Activation of EGFR and ErbB-2 is known to promote proliferation and survival of breast carcinoma cells and is essential for the progression of breast cancers (Stern, 2000; Yarden and Sliwkowski, 2001). ErbB-2 has no known direct ligands; however, it is activated by forming heterodimers with other ErbB receptors (Burgess et al., 2003). To determine whether ADAMTS-1 promotes the activation of EGFR and/or ErbB-2 in vivo, we assessed the activity of EGFR and ErbB-2 in the lungs of mice that had received i.v. 24 h earlier with the following cells: TA3_wtb, TA3_ADAMTS-1, TA3_ADAMTS-1NTF, TA3_ADAMTS-1CTF, or TA3_ADAMTS-1E/Q. We have previously shown that extravasation of TA3 cells into the lung parenchyma occurs less than 24 h after i.v. injection (Yu et al., 1997).
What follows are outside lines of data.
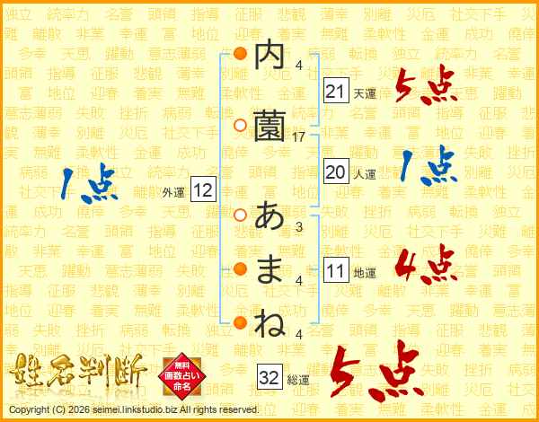 内薗あまねさんの総運は32画の5点!
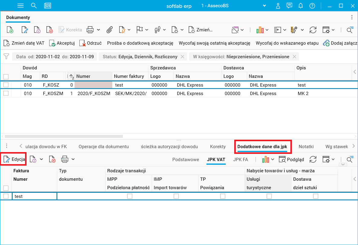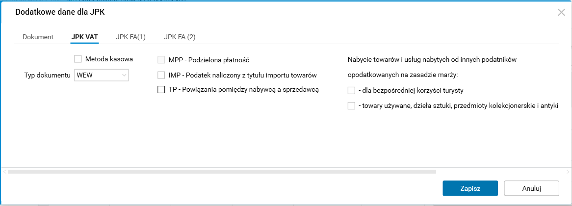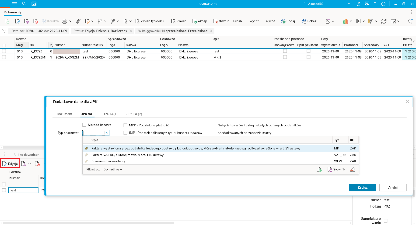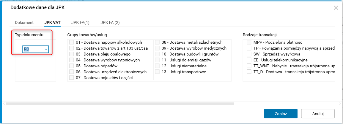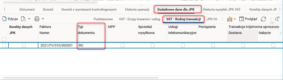 Edycja danych dodatkowych JPK – typ dokumentu
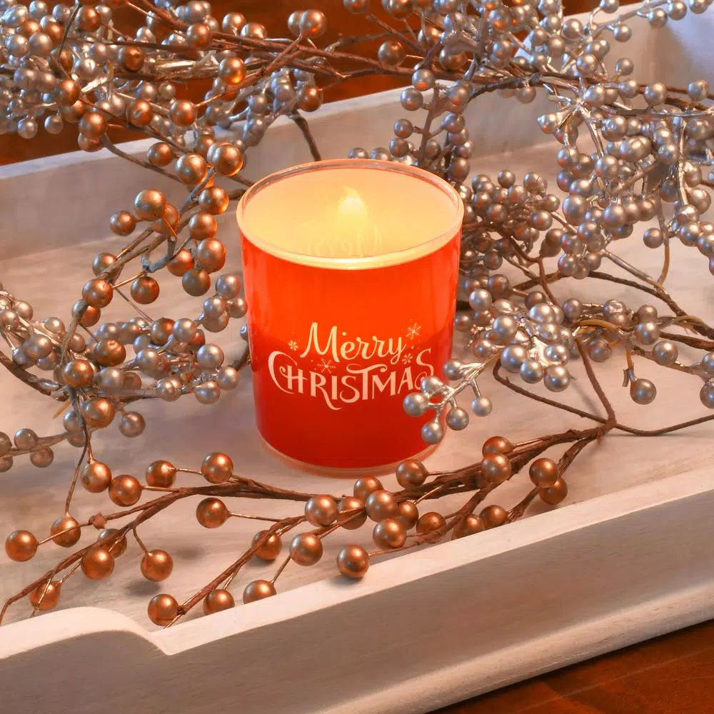 These lovely battery operated LED candles with Merry Christmas printed on glass are perfect for your holiday decor. The red glass includes genuine poured wax and an enclosed glowing LED light. The lights have a convenient 6-hour or 8-hour timer. The natural glow adds ambient lighting to your decor. Requires 2 AA batteries.

In order to normalize the number of TA3 transfectants to be included in the protein lysates used in the immunoprecipitation experiments, we first performed a tumor cells tracking assay to analyse extravasation of various TA3 transfectants into mouse lung parenchyma at 24 h after i.v. injection. Our results indicated that ADAMTS-1 promoted TA3 cell extravasation, whereas ADAMTS-1E/Q and to a lesser extent ADAMTS-1_NTF/ADAMTS-1_CTF inhibited the process (Figure 5A and B).

Figure 5.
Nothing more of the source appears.